2004-12-28

We're opera-mad in Camelot; we sing from the diaphragm a lot

Heh. I just feel like writing a lot at the moment. Well, maybe it's more that I don't feel like sleeping. Not that I ever do, but I don't really want to just lie down and close my eyes. That's when it's hardest to control your thoughts, and that's something I've always had problems with. These are the kinds of times when I really hate having such a strong stream-of-consciousness. Here's a fun one that just hit me: She had one in Houston, because of Sean... did I cause this one in any way? Contribute to it? Yeah. That one's gonna haunt me for a while.

So anyway.

Took Janelle to Blockbuster, felt like getting my mind off of things. Decided to get Rat Race, which I actually saw in theaters, and have wanted to see again ever since. Also got The Third Age, which I've wanted to play for a while. Wait, is that even it's name? Yeah, Lord of the Rings: The Third Age. Or something like that. Anyway. I also wanted to get Almost Heroes, but of course, they didn't have it. Of course, they had the box, and two cases behind it, but neither of them was it. It really pissed me off. Also got some Reeses Pieces, which is the best candy ever. Except for the large candy thing bite things. Yeah.
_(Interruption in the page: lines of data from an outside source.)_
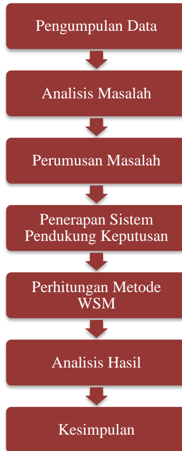
Gambar 2.1 Metode Penelitian

Gambar di atas menjelaskan bagaimana cara melakukan penelitian ini. Hal pertama yang dilakukan adalah perencanaan sampai dengan uji coba eksperimen di Dinas Kesehatan Kabupaten Aceh Tenggara.
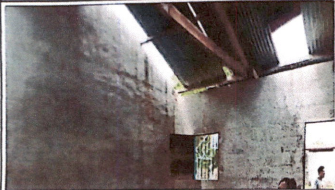
Foto 1: Sustitución de lamina, por lámina troquelada Aluzinc calibre 26
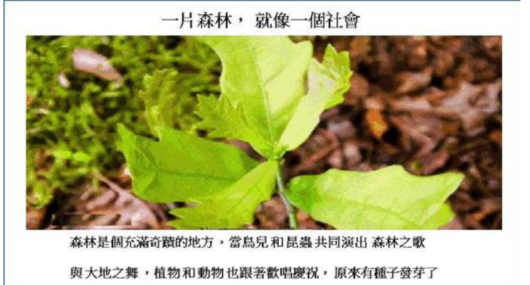
森林是個充滿奇蹟的地方，當鳥兒和昆蟲共同演出森林之歌，與大地共舞，植物和動物也跟著歡唱慶祝，原來有種子發芽了
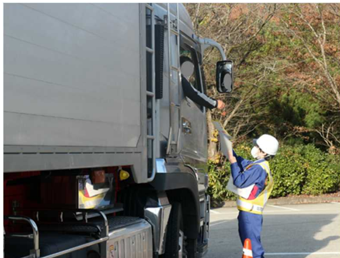
車両誘導訓練及び啓発活動の様子
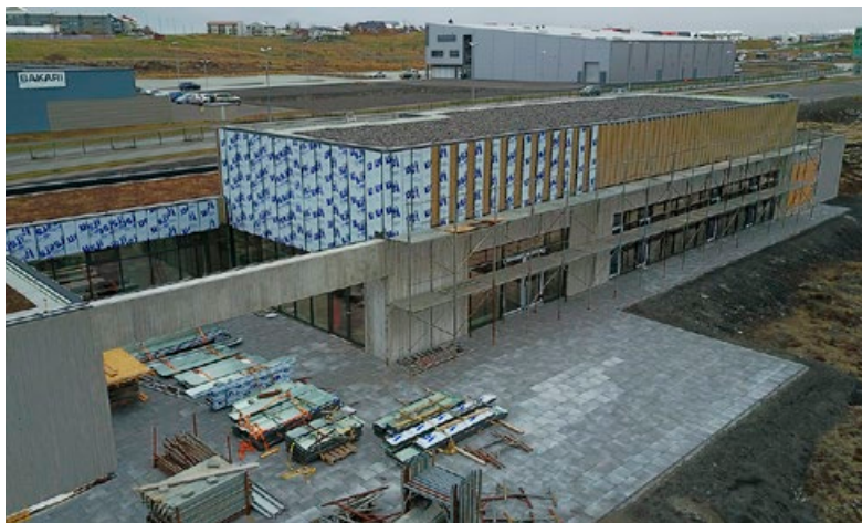
Fyrri áfangi Ástjarnarkirkju er langt kominn og verður húsnæðið vígt í haust.

Húsnæðið er fyrri hluti kirkjubyggingarinnar en ekkert liggur fyrir hvenær hægt verður að hefjast handa við síðari áfanga og skv. upplýsingum frá kirkjunni er það ekkert á næstunni.
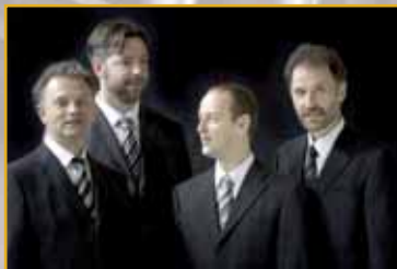
L'ENSEMBLE CAPILLA FLAMENCA

L'ensemble Capilla Flamenca , littéralement
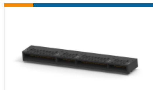
TE 产品编号2336568-1 RECEPT ASSY, RA, 168 POS, SLIVER 2.0
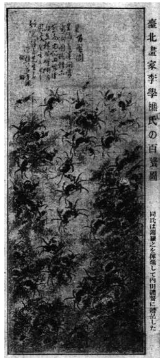
圖 7 李學樵 〈百蟹圖〉 1924 年 藏地不明
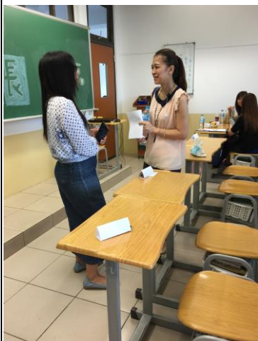
(珮珊老師和家長個別談話)

這週最大的活動是 10/4 學校日，高一的班級為早上到校，133 共來了 18 組的家長。珮珊老師先以 PPT 介紹班級相關規定和希望家長配合的事項以及科的課程介紹。並且建立班級家長的 Line 群組，方便連絡。開放家長提問時，家長的問題大多是關於回家作業、放學留校考試時間、回家時間固定、午餐的方式等。
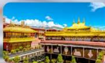
วัดโจกิง
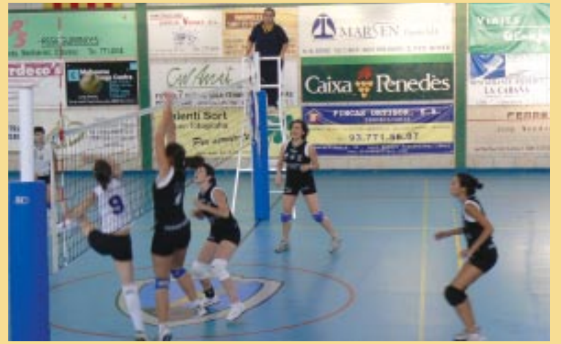
El deporte servirà para recaudar dinero para buenas causas.

Durante las fechas navideñas, la actividad deportiva local sustituirá la competición por la solidaridad.
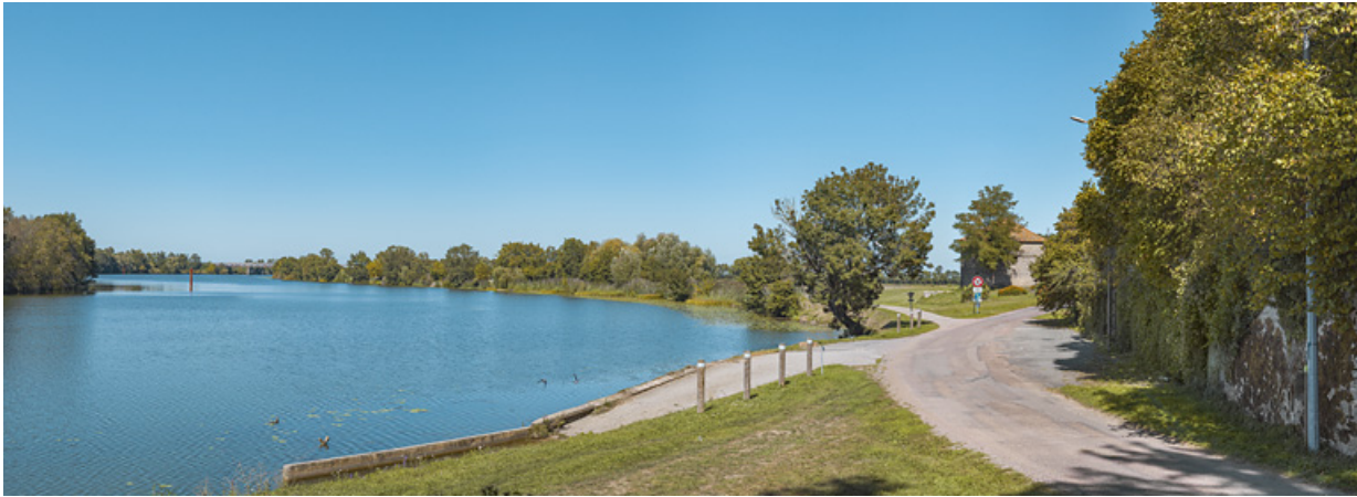
Vue d'ensemble de la cale double et plus précisément de la rampe aval.
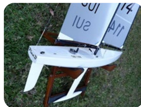
Exemple: IOM Plan B d'Australie, le bateau navigue sur le lac de Zurich

Les bateaux ont été testés lors de championnats et sont à la pointe de la technologie. Le succès ne dépend que du capitaine. Au cours des premières navigations sur le lac, il apprend le pilotage, les réglages et la tactiques avec ses collègues.
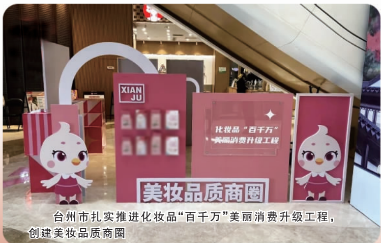
台州市扎实推进化妆品“百千万”美丽消费升级工程,创建美妆品质商圈
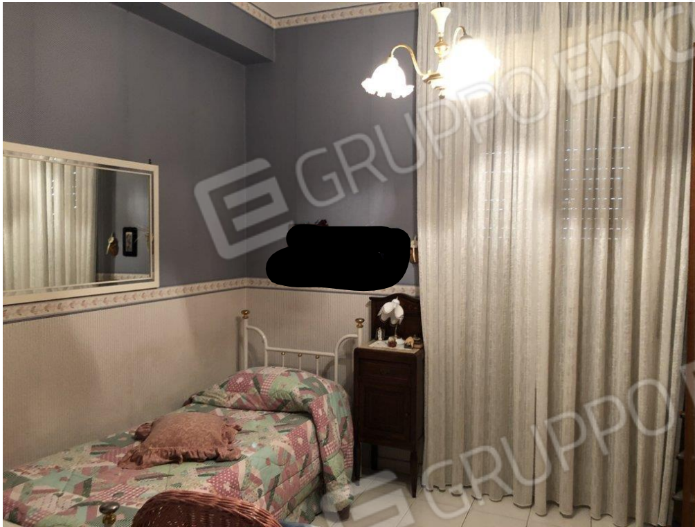
Foto n.9- Vista di una delle camere.
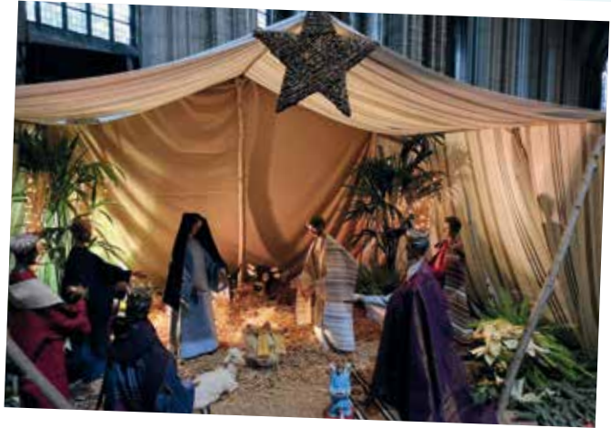
Crèche de l'église Saint-Éloi à Dunkerque.
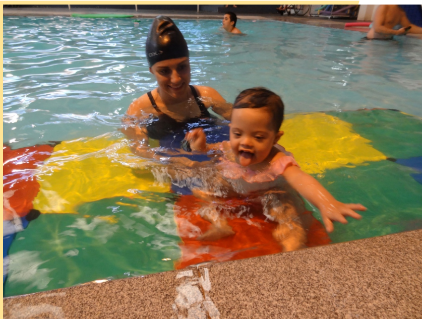
Figura 6 - Natação Infantil

D urante muitos anos, esse programa foi denominado Programa de Atendimento à Pessoa com Deficiência. Em 2012, quando completou trinta anos, os profissionais nele envolvidos entenderam ser mais adequado que ele se denominasse: PROGRAMA DE ATIVIDADES FÍSICAS, ESPORTIVAS E DE LAZER PARA PESSOAS COM DEFICIÊNCIA (PAPD).
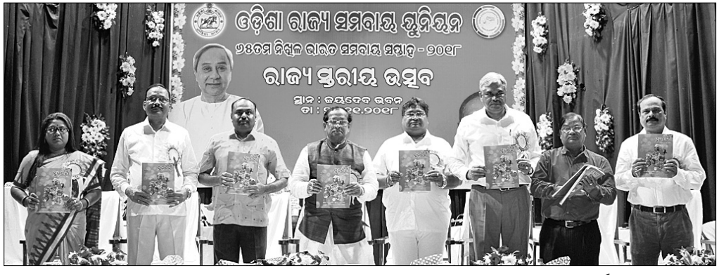
ସୂଚନା ଭବନଠାରେ ଆୟୋଜିତ ୬୫ତମ ସମବାୟ ସମ୍ବନ୍ଧରେ ରାଜ୍ୟସ୍ତରୀୟ ଉତ୍ସବରେ ଅତିଥିମାନେ ପୁସ୍ତକ ଲୋକାର୍ପଣ କରୁଛନ୍ତି।

ଗଣପୁଣ୍ୟ ନିକଟ ସତ୍ୟବାଇ ମହିଳା ମହାବିଦ୍ୟାଳୟରେ ବିଭିନ୍ନ ସମସ୍ୟା ନେଇ ମଙ୍ଗଳବାର ଉତ୍ତରଜନା ଦେଖାଦେଇଥିଲା। ଶତାଧିକ ଛାତ୍ରୀ ମହାବିଦ୍ୟାଳୟ ମୁଖ୍ୟ ଗେଟ୍ ଆଗରେ ଧାରଣା ଦେବା ସହ ଗଣପୁଣ୍ୟ-ପୋଖରୀପୁଟ୍ ଗାୟାରୋକୋ କରିଥିଲେ। କଲେଜ କର୍ତ୍ତୃପକ୍ଷ ଓ ଏୟାରଫିଲ୍ଡ ଥାନା ପୋଲିସ୍ ଛାତ୍ରୀମାନଙ୍କ ସହ ଆଲୋଚନା କରିବା ପରେ ଅପରାହ୍ନରେ ଛାତ୍ରୀମାନେ ଧାରଣାକୁ ହଟି ଥିଲେ।
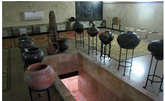
Նկ. 6. Մեծամոր թանգարանի ցուցասրահ

Զվարթնոց արգելոց-թանգարան: Զվարթնոց արգելավայրը ստեղծվել է Էջմիածնի միաբան Խաչիկ վարդապետ Դադյանի նախաձեռնությամբ 1900-1907թթ., հաշվի առնելով 1904թ. Ճարտարապետ Թորոս Թորամանյանի ղեկավարությամբ պեղումներով բացված Ս. Գրիգոր Լուսավորիչ տաճարի (կառուցված 641-652թթ.) և հարակից շինությունների ավերակների պատմաճարտարապետական բացառիկ նշանակությունն ու պատմահնագիտական գտածոների արժեքը: Իրավամբ տաճարը խոսուն վկա է ժամանակի վարպետների ճարտարապետական և շինարարական մտքի թռիչքի [4]:
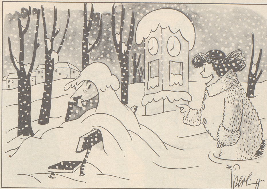
«Guguus! — muesch di nid verschtecke — ha di scho gseh!»
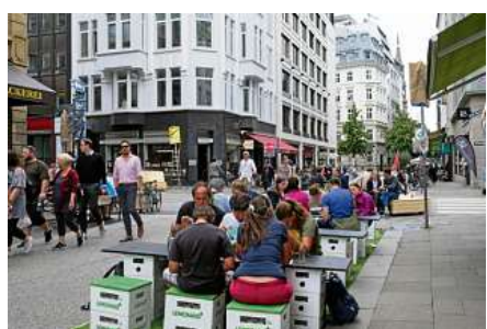
An der Kleinen Johannisstraße essen viele draußen.

Der Lieferverkehr kann von 23 bis 11 Uhr die Geschäfte dennoch anfahren. Die Umstellung des Autoverkehrs gilt
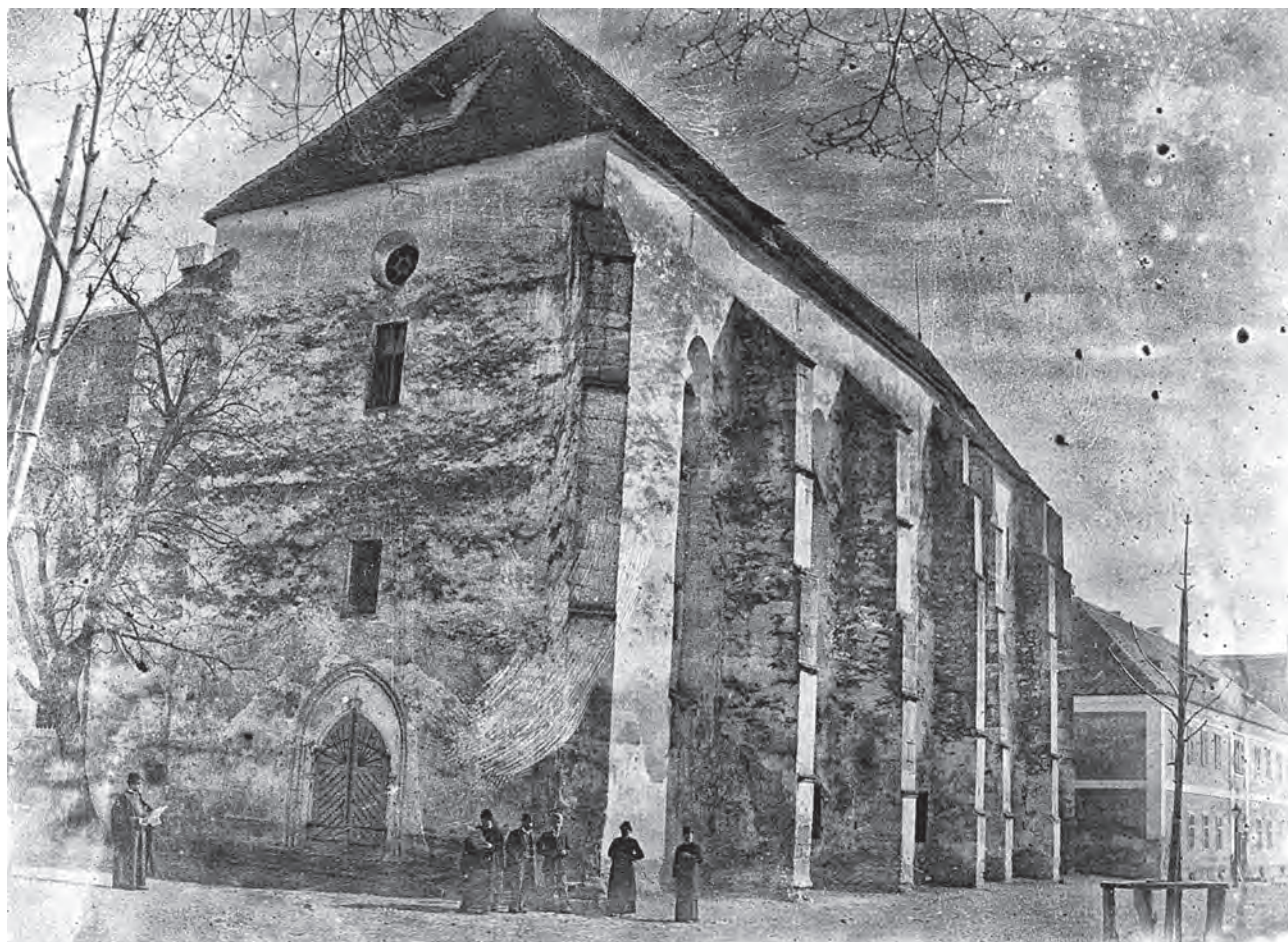
Alba Iulia, Biserica iezuiților (MNUAI)
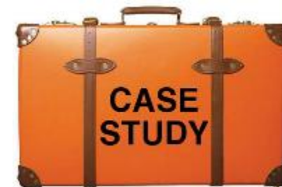
"Кейс - технологии" в ДОУ.
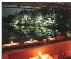
ザ・プリンス 軽井沢
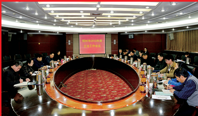
市人大常委会组织召开2016年度地方立法计划推进工作座谈会

发展。 其中,专项工作评议重提升;议案建议办理重质量……圆满完成了市十四届人大三次、四次会确定的各项任务。
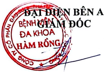
Lê Thị Thủy

- Hợp đồng này được ký kết tại Bệnh viện đa khoa Hàm Rồng, được lập thành 04 bản có giá trị pháp lý như nhau, mỗi bên giữ 02 bản để căn cứ thực hiện
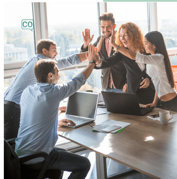
El trabajo en equipo

Comuníquense bien con su equipo para que el trabajo en equipo sea más efectivo y solidario.
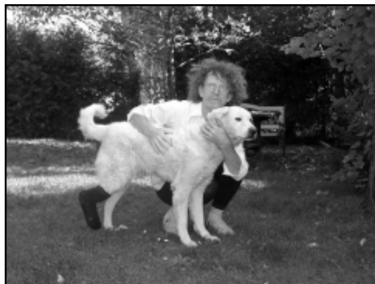
Przekazę Łajtka w dobre ręce ...
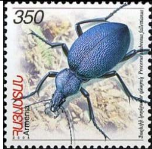
Coleoptera : Carabidae : Procerus scabrosus fallettianus .
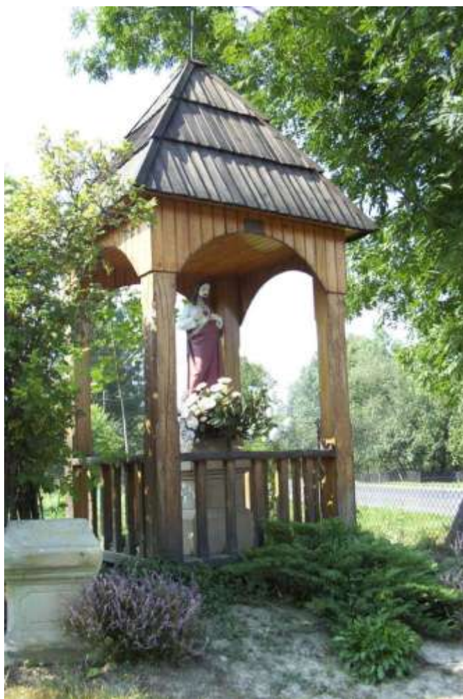
Zdjęcie nr 3. Zabytkowa kapliczka Serca Pana Jezusa z 1905r.

Na szczególną uwagę zasługują jedynie obiekty małej architektury sakralnej tj: kapliczki i krzyże przydrożne.
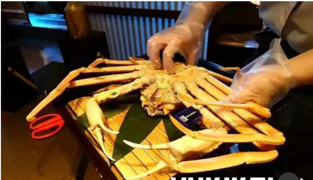
越前 蟹の坊 カニ

Terri was online for a while, and we got to talking. Turns out she's not going to marry that guy; she's back in NC. I'm not sure if they're still together in NM, or what... I feel really bad, 'cause I kind of snapped at her, and said some fairly mean things. Of course, given the course and history of our relationship, I don't think that one thing will be the single item that breaks our friendship, but I still feel bad about it. Other than that, had a nice chat with her about breakfast cereals. The really funny thing is that Suzie emailed me while I was talking to Terri. I made a comment that if Mindy calls, I'm leaving. Of course, Suzie just sent me a chain letter - she even admitted it was a stupid thing to do IN THE EMAIL ITSELF.

So yeah, I'm feeling... I don't know. Stunned? Tired? Hurt? Something like that. I don't want to go to work in two hours. I don't want to face the world. I want to curl back up in my blanket, with my two bears, and sleep. Two years or so.